Description of the task: Below are records; report the number of lines in them that include the word "Brumle", with no other text.

Information:
====================
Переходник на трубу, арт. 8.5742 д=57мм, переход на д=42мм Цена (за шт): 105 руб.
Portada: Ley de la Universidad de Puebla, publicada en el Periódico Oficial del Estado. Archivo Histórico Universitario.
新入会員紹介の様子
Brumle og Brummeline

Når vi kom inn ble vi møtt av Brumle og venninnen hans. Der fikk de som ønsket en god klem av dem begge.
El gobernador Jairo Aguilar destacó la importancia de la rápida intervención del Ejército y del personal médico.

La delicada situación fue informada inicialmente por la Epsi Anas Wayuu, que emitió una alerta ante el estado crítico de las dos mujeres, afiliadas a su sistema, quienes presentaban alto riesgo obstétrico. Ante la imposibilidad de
====================
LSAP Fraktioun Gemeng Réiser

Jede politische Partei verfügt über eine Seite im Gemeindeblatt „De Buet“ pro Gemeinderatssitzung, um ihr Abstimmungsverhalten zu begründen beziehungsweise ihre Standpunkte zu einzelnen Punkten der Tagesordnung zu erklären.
====================
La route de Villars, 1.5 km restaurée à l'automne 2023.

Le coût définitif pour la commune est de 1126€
====================
Exercise result: 2